We recently developed CoCites, a new search method that finds related articles for one or more articles of interest, termed ‘query articles [7].’ CoCites is based on the principle of co-citation [8] and consists of two searches (Fig. 1). The co-citation search identifies all articles that are cited together with the query article(s) and ranks them in descending order of their co-citation frequency [8]. This search is based on the assumption that articles with a higher co-citation frequency are more likely to address the same specific topic as the query article [8,9,10,11]. The citation search finds all articles that cite or are cited by the query articles, and was added to retrieve recently published articles that are not (yet) cited frequently enough to rank higher in the co-citation search.

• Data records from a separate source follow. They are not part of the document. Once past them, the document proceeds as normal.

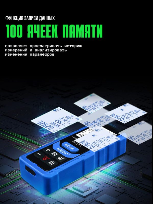 Эргономичный дизайн, крепкий корпус, небольшие габариты и вес прибора обеспечивают удобное использование в полевых и промышленных условиях. Лазерная рулетка NF-275L-100M оснащена мощным зеленым лазером, что обеспечивает лучшую стабильность и надежность измерений по сравнению с традиционными красными лазерами, большим многострочным ЖК-дисплеем с яркой подсветкой, внутренней памятью на 99 результатов измерения, mini USB-разъемом для зарядки батареи, голосовым озвучением результатов измерения, цифровым уровнем и вместительной литиевой аккумуляторной батареей 3,7 В, 750 мАч.
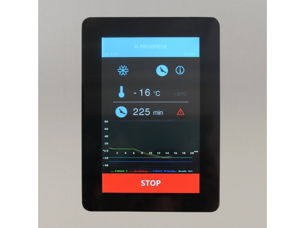 ovládač s dotykovou obrazovkou|programovateľný termostat|export dát v súlade s HACCP|nahrávanie alebo sťahovanie údajov cez USB|koľajnice na gastronádoby gn 1/1 a euronorm 600 x 400|nehrdzavejúca oceľ|vpichová sonda súčasťou|samozatváracie dvere, možno zmeniť otváranie|nastaviteľné nohy
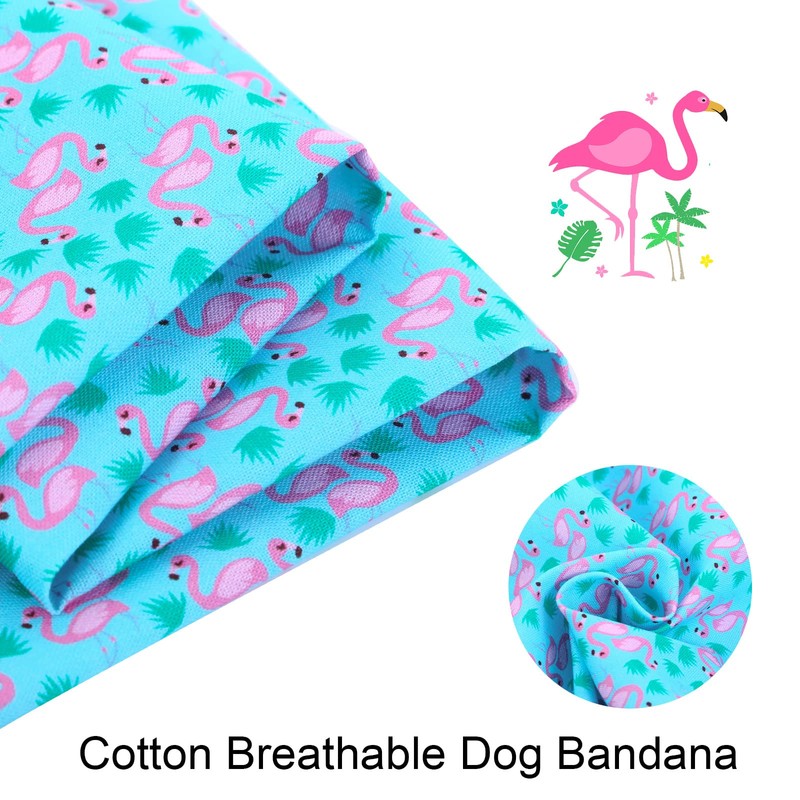 - [ PREMIUM QUALITY MATERIAL ] This is a traditional tie on bandana. The Flamingo dog bandana is made out of cotton fabric. Our dog scarves won’t increase much pressure on the pets and they are convenient to wear and easy to clean.
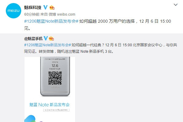 魅族今年可謂是一直忙著開發布會,前幾天,魅族剛宣布將于11月30日舉辦發布會,現在魅族再次發出邀請函,宣布魅族將在12月6日下午3點于國家會議中心舉行魅藍Note新品發布會,主題“如何超越一代經典”。
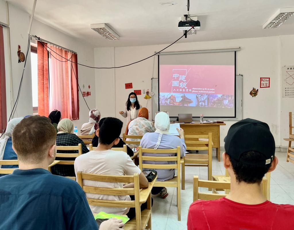 此次培训营历时两周,共8次课,包括4次语言研修课、3次文化体验课以及1次专题讲座。语言研修课上,苏大孔院的老师们以旅游为主题带领大家云游中埃,帮助学生在提高汉语能力、学习旅游知识的同时领略中埃的壮美风光,认识日新月异的当代中国。
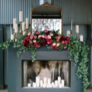 The white fireplace will sparkle with new colors, if you place bouquets of roses on its shelf, alternating them with bright greens.An interesting element of the decor are panels with inscriptions, names and photographs of the heroes of the occasion.
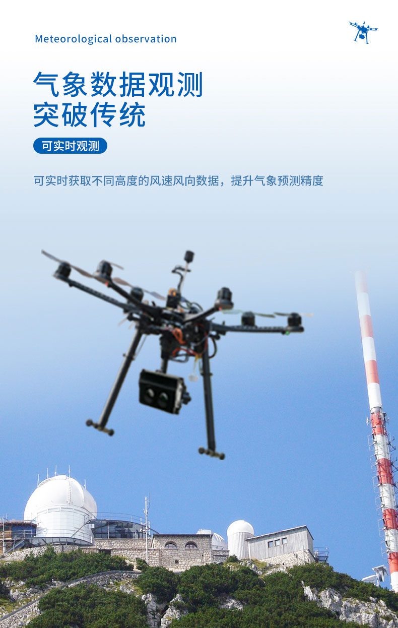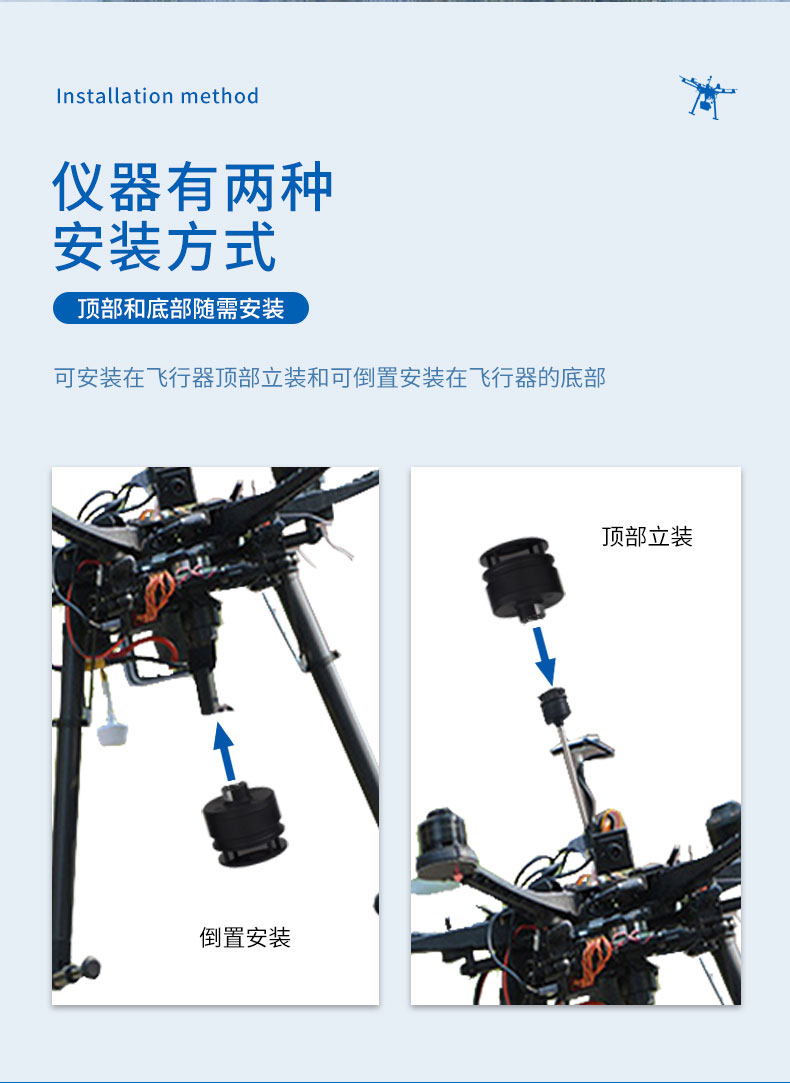 该气象仪即可安装在无人机顶部,也可吊装在机腹。材料选择重量轻和坚固的工程ABS材料,也可选择轻质铝合金。可根据用户需要的参数,选择单独参数的检测模块,也可任意组合。

Co-citation relationships between articles are used in methods that visualize the similarity and clustering among, e.g., articles, authors, and research topics [12,13,14,15,16], and have been previously proposed for literature search methods as well. To find relevant articles for one or more query articles, Belter proposed to screen their citing, cited, co-citing, co-cited articles [17], and to rank these articles based on their number of different relations with the query articles [18]. As each article has a maximum of three relations with a query article (citing/cited, co-citing, co-cited), this ranking method works better with more query articles. Others have examined whether the use of the proximity of (co-)citations within articles efficiently and effectively retrieves relevant articles [19,20,21]. And again others proposed to search related articles for one or more query articles by screening all citing, cited, co-citing and co-cited articles [22,21,, 23].

In an earlier pilot study, we investigated the performance of CoCites by reproducing the literature searches of published meta-analyses. We found that the method was able to retrieve a median of 82% of the articles included in the meta-analysis. We observed that the percentage of retrieved articles was higher when the two query articles were cited more frequently and when their topics were more similar [7].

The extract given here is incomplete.